Equivalence testing has many benefits. It fixes the dichotomous nature of NHST. You can now 1) reject the null, and fail to reject the null of equivalence (there is probably something, of the size you find meaningful), 2) reject the null, and reject the null of equivalence (there is something, but it is not large enough to be meaningful, 3) fail to reject the null, and reject the null of equivalence (the effect is smaller than anything you find meaningful), and 4) fail to reject the null, and fail to reject the null of equivalence (undetermined: you don’t have enough data to say there is an effect, and you don’t have enough data to say there is a lack of a meaningful effect). These four situations are visualized below.

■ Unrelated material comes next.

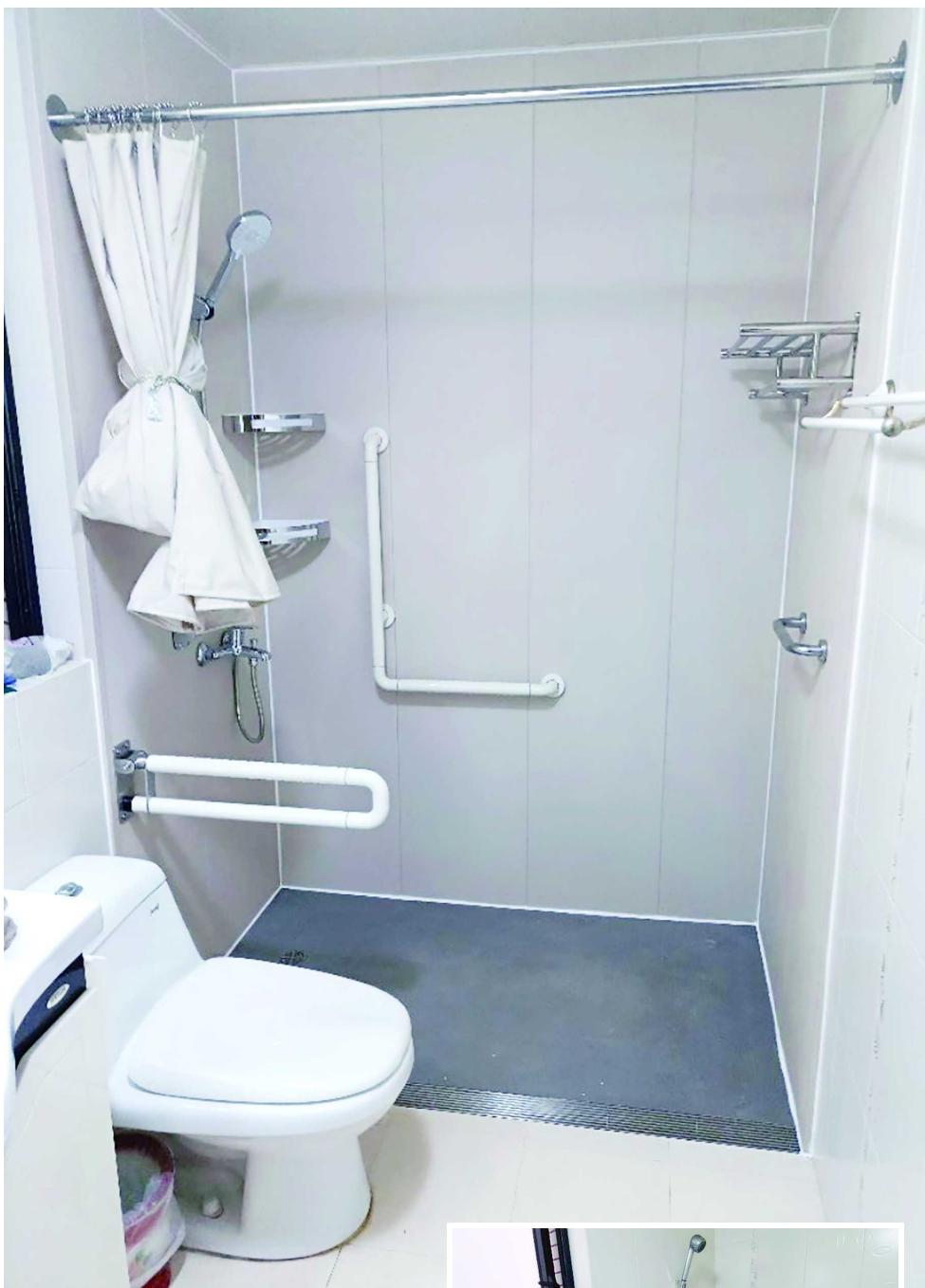
谢莉莉家的浴室改造前后对比
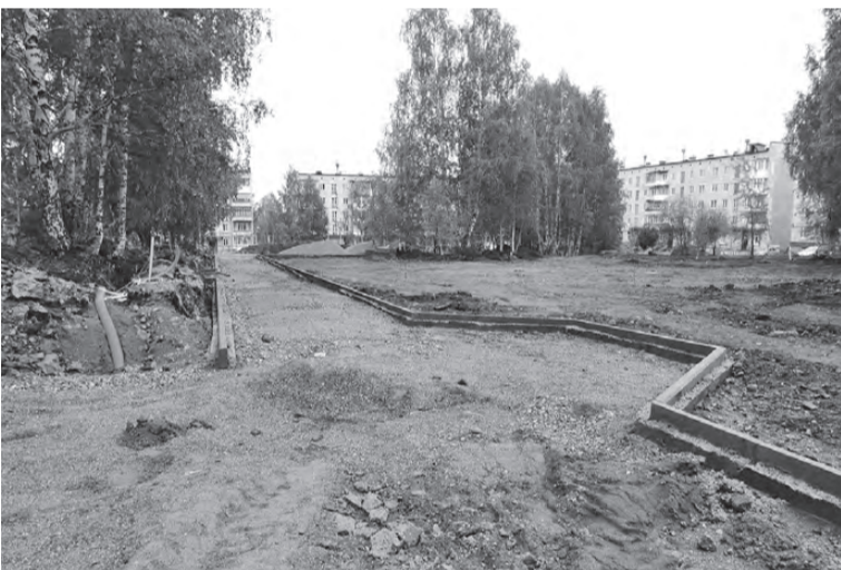
Работы ведутся в будущем «Сквере отдыха» по ул. Устинова, 92, 94

В случае положительного решения благоустройство территории победителя начнется уже весной 2024 года.

There are several papers throughout the scientific disciplines telling us to use equivalence testing. I’m definitely not the first. But in my experience, the trick to get people to use better statistical approaches is to make it easy to do so. I’ll work on a manuscript that tries to make these tests easy to use (if you read this post this far, and work for a journal that might be interested in this, drop me a line – I’ll throw in an easy to use spreadsheet just for you). Thinking about meaningful effects in terms of standardized effect sizes and being able to perform these test based on summary statistics might just do the trick. Try it. 

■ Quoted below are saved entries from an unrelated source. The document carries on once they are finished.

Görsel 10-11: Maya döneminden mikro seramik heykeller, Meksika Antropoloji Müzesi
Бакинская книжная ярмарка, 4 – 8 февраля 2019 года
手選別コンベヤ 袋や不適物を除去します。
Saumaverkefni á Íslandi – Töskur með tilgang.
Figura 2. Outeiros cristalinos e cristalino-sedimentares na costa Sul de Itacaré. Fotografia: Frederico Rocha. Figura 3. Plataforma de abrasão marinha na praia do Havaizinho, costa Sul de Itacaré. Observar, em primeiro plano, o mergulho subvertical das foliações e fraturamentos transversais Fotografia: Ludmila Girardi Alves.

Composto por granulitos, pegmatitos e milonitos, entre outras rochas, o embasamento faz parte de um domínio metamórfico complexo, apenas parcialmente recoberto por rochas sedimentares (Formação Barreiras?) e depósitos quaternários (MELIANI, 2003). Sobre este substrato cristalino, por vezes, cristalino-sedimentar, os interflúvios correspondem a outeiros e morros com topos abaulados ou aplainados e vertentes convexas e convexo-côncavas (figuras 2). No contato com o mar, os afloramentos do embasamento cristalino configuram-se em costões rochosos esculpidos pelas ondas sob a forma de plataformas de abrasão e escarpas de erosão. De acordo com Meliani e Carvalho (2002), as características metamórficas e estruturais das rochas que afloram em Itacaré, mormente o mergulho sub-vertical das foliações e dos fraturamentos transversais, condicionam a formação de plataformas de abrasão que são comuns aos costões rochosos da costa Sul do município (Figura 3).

Lakens, D. (2013). Calculating and reporting effect sizes to facilitate cumulative science: a practical primer for t-tests and ANOVAs. Frontiers in Psychology, 4. http://doi.org/10.3389/fpsyg.2013.00863

Lakens, D. (2014). Performing high-powered studies efficiently with sequential analyses: Sequential analyses. European Journal of Social Psychology, 44(7), 701–710. http://doi.org/10.1002/ejsp.2023

Rogers, J. L., Howard, K. I., & Vessey, J. T. (1993). Using significance tests to evaluate equivalence between two experimental groups. Psychological Bulletin, 113(3), 553.

Schuirmann, D. J. (1987). A comparison of the two one-sided tests procedure and the power approach for assessing the equivalence of average bioavailability. Journal of Pharmacokinetics and Biopharmaceutics, 15(6), 657–680.


The R-code that was part of this blog post is temporarily unavailable as I move it to a formal R package.